The importance of superseding the baseline expectations of law are so important that rabbis even go so far as to assert that the Temple was destroyed, in part because judges at the time “established their rulings on the basis of Torah law and did not go beyond the letter of the law” (Bava Metzia 30b). Although the Talmud teaches this without explanation, commentators suggest that the rabbis believe that judges in and around 70 C.E. were too inflexible. Since another traditional explanation for the Temple’s destruction is that the people were punished by sinat hinam, “senseless hatred,” from the rabbis’ point of view, the judges’ refusal to do more than the law requires would have fomented discord within society and incited people to hate one another. Knowing this, lifnim mishurat hadin doesn’t just give us the permission to work against unjust laws, it gives judges the permission to be more creative. “Activist judges” are not an aberration in Jewish law, they are the expectation.

If I had an audience with God, what would God say?

The rabbis understand that humanity’s laws don’t always conform to God’s expectations. Sometimes God will still judge us harshly for following the law:

Rabbi Yehoshua said: There are four matters in which one who commits an offense concerning them is exempt from liability according to human laws but liable according to the laws of Heaven [and it would be proper for him to pay compensation], and the cases are as follows: One who breaches a fence that stood before another’s animal, [thereby allowing the animal to escape]; and one who bends another’s standing grain before a fire [so that it catches fire]; and one who hires false witnesses to testify; and one who knows testimony in support of another but does not testify on his behalf (BT Bava Kamma 55b).

In all four matters, perpetrators set bad things into motion without being legally liable, since they are not the ones causing the direct damage. To take the first two examples, if you breach a fence and your neighbor’s animal escapes, getting injured or killed in the process, Jewish law does not hold you accountable for letting the animal out since the animal had agency to escape on its own. In the same vein, since you didn’t actively light a neighbor’s wheat on fire but only made it slightly easier for the wind to carry the embers into the adjacent field by bending the crop toward the fire, you are not directly liable for its burning.

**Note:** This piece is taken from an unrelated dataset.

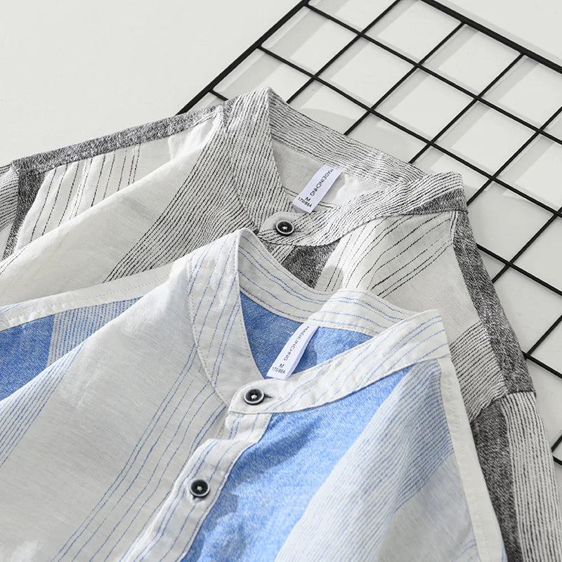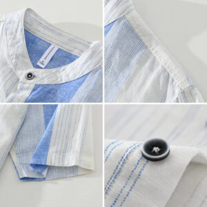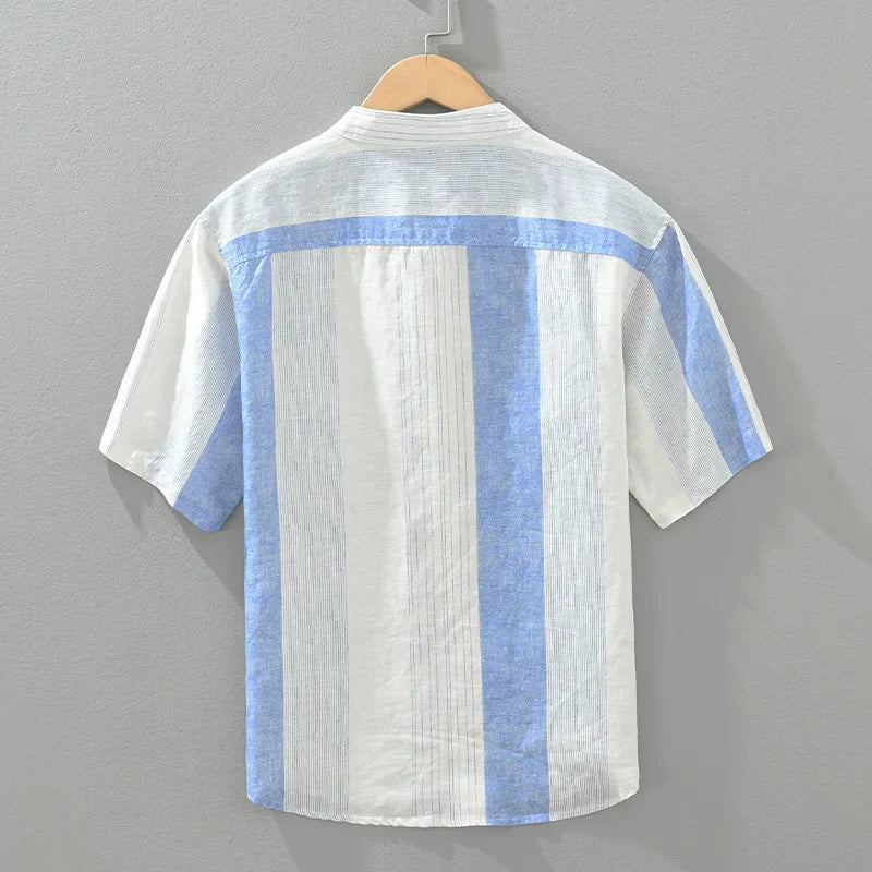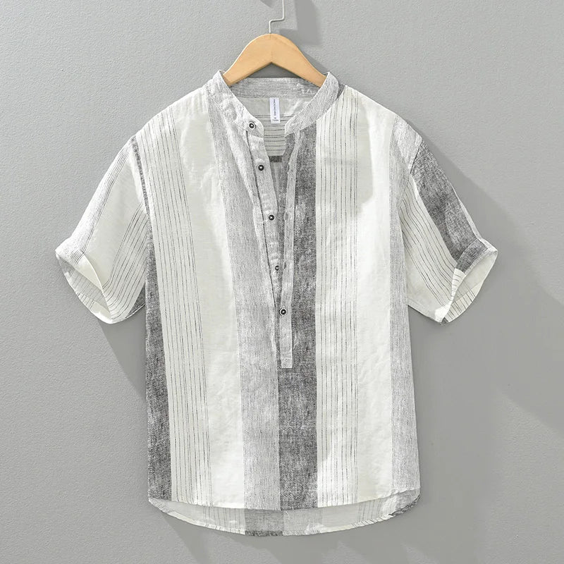 Men’s Striped Linen Short-Sleeve Pullover Shirt – Casual & Breathable

The fire might have found its way into the field without you.

Since a court cannot punish you, the rabbis’ only recourse is to warn you: God is watching; God knows if you fall into the category “liable to the law of Heaven” (Bava Kamma 55b). The Eternal has no patience for pragmatic loopholes. Don’t risk Divine retribution by taking advantage of the law’s weakness to do wrong. And if your misdeeds have hurt others, avoid God’s reprisal by reimbursing them promptly for the damage done.

*            *            *

Given the importance of drawing the distinction between law and ethics, we Jews should feel free to advocate for the latter. In many cases, this means working tirelessly to change a law. In other more extreme cases, it means protesting in the streets or even resorting to civil disobedience.

Even the central legal ruling that Jews are religiously obligated to follow the secular laws around them, known as dina d’malkhuta dina, comes with important caveats. For some commentators, the secular laws only must be followed if they are fair. Laws that are discriminatory or unequally enforced, or keep Jews from fulfilling their own legal obligations, hold no weight. When even the most powerful kings violate these principles, Jews have the green light to ignore and, in some cases, actively work to subvert these unjust laws.

These exemptions show just how much of a moderating force one’s moral compass can be on law. Things may be scary at times, but a Jew’s hands are never tied. The rabbis remind us that we answer to a higher power — one that demands that in the light of injustice around us, we remain perpetual advocates for “what is good and right.”